### Items from a dataset
#####

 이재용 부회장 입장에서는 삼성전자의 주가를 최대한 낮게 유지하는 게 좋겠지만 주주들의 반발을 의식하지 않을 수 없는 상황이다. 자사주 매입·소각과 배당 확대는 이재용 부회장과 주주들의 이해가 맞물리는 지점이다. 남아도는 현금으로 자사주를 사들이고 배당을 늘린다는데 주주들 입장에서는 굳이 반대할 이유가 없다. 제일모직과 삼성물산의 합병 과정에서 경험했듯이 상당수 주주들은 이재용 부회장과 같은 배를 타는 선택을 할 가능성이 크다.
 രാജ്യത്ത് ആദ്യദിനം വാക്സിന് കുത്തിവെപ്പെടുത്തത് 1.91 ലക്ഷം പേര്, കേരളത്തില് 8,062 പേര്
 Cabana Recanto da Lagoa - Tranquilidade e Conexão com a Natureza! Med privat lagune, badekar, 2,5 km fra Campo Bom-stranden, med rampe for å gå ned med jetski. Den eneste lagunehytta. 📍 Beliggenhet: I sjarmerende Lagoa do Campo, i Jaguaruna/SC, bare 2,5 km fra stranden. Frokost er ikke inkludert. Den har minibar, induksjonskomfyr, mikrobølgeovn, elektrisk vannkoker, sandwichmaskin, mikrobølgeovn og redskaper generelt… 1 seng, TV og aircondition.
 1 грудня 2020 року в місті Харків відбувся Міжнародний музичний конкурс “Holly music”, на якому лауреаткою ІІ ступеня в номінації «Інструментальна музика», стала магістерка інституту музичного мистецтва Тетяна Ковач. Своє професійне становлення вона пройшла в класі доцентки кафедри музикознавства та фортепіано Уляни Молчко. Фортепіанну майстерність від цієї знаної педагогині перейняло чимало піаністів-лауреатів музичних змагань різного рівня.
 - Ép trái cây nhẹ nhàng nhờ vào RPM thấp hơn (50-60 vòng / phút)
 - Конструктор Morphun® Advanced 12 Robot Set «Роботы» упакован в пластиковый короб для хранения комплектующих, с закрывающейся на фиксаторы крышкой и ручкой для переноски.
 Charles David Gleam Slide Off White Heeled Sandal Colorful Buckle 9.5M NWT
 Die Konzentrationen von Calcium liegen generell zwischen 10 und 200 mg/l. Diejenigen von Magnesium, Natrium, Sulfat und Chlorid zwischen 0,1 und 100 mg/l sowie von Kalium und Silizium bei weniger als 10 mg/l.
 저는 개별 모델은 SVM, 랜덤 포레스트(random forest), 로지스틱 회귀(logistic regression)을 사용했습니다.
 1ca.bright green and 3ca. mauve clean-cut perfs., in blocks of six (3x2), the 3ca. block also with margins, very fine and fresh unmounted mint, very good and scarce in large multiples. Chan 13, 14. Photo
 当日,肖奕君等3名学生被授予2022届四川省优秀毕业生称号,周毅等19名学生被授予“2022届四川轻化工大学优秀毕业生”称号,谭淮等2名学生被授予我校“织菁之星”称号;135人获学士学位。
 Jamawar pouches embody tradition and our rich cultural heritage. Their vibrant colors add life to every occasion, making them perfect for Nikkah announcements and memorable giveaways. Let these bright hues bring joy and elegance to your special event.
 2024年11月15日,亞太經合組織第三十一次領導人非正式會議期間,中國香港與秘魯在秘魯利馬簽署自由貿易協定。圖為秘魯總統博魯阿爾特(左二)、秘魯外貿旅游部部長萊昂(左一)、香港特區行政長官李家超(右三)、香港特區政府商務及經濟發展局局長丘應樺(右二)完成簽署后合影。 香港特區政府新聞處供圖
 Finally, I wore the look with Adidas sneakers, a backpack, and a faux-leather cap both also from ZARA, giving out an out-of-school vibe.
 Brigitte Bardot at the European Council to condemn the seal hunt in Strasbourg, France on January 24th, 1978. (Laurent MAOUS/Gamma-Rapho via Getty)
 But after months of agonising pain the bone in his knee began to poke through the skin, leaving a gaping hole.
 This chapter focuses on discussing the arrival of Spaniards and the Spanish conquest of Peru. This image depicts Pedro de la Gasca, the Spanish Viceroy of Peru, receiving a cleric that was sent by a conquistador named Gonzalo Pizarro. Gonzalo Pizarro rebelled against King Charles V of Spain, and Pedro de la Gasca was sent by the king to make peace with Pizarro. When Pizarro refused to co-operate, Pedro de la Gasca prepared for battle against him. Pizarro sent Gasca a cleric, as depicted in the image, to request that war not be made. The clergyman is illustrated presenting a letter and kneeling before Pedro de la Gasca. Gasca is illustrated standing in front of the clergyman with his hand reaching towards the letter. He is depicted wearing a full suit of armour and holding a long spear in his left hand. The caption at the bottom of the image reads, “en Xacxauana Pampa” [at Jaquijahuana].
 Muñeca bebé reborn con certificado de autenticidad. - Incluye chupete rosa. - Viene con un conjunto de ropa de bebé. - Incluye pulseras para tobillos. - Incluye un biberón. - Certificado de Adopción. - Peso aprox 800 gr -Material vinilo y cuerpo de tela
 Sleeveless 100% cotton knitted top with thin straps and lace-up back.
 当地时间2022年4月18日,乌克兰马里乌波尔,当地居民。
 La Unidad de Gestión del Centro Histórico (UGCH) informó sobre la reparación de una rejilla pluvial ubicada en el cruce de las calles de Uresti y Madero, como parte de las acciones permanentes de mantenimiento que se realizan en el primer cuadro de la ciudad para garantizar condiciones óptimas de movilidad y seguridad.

#####

### TO DO
Starting with the first line of the entries and ending with the line that has "രാജ്യത്ത് ആദ്യദിനം വാക്സിന്", copy each line exactly and add nothing.

### PROBLEM SOLUTION
 이재용 부회장 입장에서는 삼성전자의 주가를 최대한 낮게 유지하는 게 좋겠지만 주주들의 반발을 의식하지 않을 수 없는 상황이다. 자사주 매입·소각과 배당 확대는 이재용 부회장과 주주들의 이해가 맞물리는 지점이다. 남아도는 현금으로 자사주를 사들이고 배당을 늘린다는데 주주들 입장에서는 굳이 반대할 이유가 없다. 제일모직과 삼성물산의 합병 과정에서 경험했듯이 상당수 주주들은 이재용 부회장과 같은 배를 타는 선택을 할 가능성이 크다.
 രാജ്യത്ത് ആദ്യദിനം വാക്സിന് കുത്തിവെപ്പെടുത്തത് 1.91 ലക്ഷം പേര്, കേരളത്തില് 8,062 പേര്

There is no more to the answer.